Required work — Write out exactly, and only, the lines below from the line with "AUDREY 刺繡樂福鞋 女鞋(牡蠣灰奶牛貓)" through the line with "To the rear, the"; pictures do not belong in the copy.

▽

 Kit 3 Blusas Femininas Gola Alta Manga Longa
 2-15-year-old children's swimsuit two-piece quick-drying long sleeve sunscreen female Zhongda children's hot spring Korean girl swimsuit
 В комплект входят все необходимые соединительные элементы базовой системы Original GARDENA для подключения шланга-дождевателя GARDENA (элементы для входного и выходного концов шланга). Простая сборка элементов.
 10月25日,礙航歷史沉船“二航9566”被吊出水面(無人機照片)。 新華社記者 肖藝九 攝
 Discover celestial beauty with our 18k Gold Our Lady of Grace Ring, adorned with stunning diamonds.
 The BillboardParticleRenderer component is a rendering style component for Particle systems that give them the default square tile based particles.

△
▽

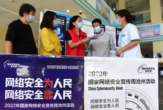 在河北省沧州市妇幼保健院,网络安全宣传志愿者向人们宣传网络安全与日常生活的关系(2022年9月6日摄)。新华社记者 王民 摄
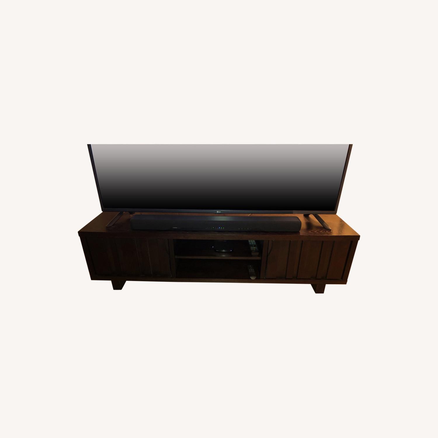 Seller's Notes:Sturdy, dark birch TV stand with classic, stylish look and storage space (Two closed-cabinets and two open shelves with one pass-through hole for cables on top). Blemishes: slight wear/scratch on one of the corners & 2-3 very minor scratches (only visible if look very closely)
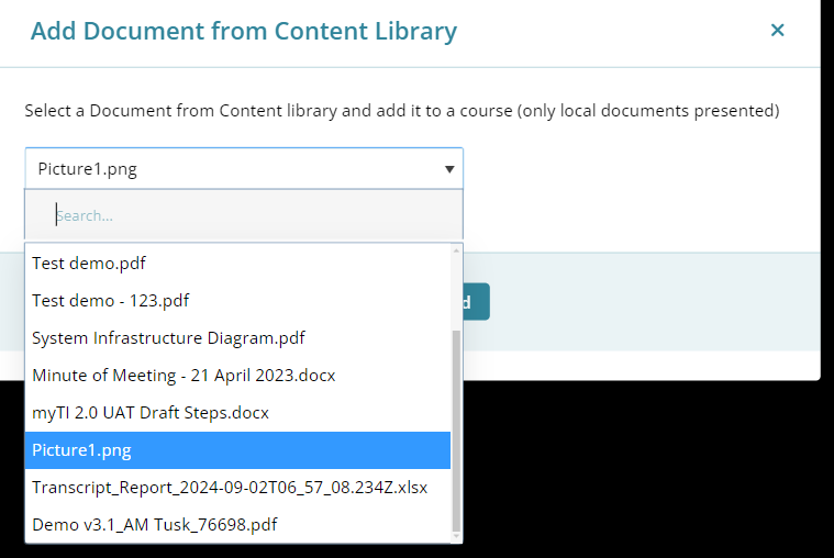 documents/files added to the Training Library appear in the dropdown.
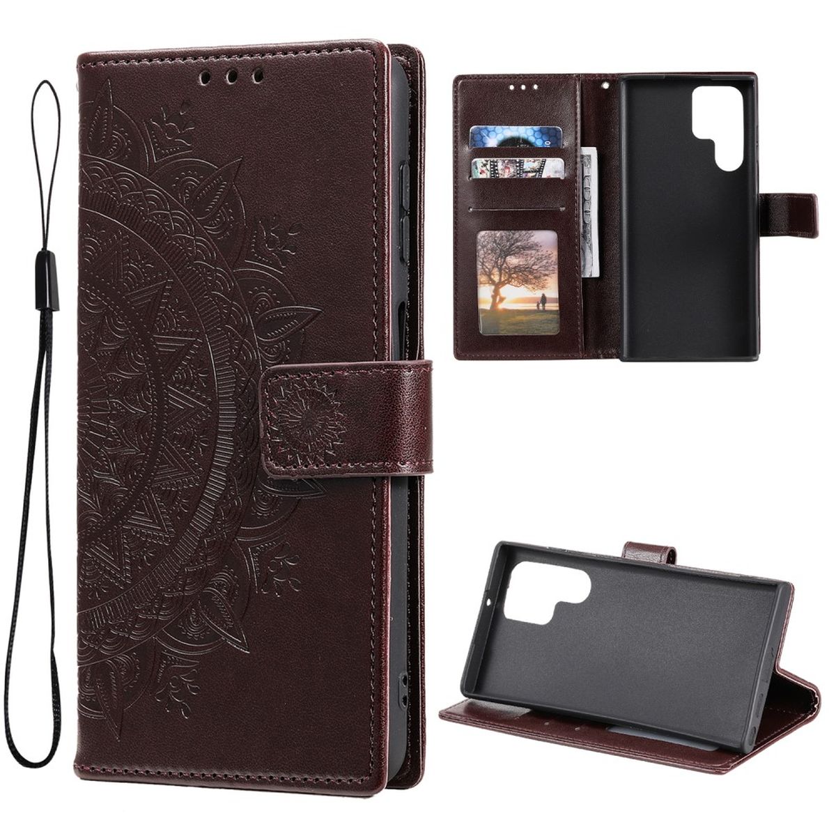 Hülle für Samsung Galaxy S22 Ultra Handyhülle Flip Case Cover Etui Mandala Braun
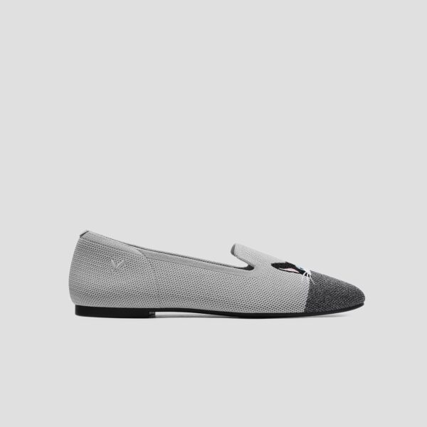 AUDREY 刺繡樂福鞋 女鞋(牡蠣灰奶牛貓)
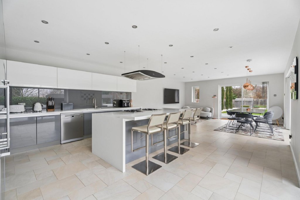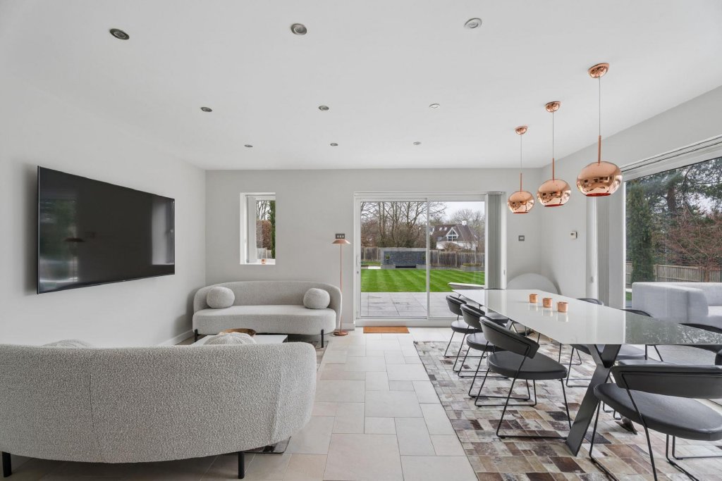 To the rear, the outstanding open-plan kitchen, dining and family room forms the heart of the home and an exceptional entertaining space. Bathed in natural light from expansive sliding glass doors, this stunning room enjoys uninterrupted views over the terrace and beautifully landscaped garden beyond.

△

Completed exercise —
 AUDREY 刺繡樂福鞋 女鞋(牡蠣灰奶牛貓)
 To the rear, the outstanding open-plan kitchen, dining and family room forms the heart of the home and an exceptional entertaining space. Bathed in natural light from expansive sliding glass doors, this stunning room enjoys uninterrupted views over the terrace and beautifully landscaped garden beyond.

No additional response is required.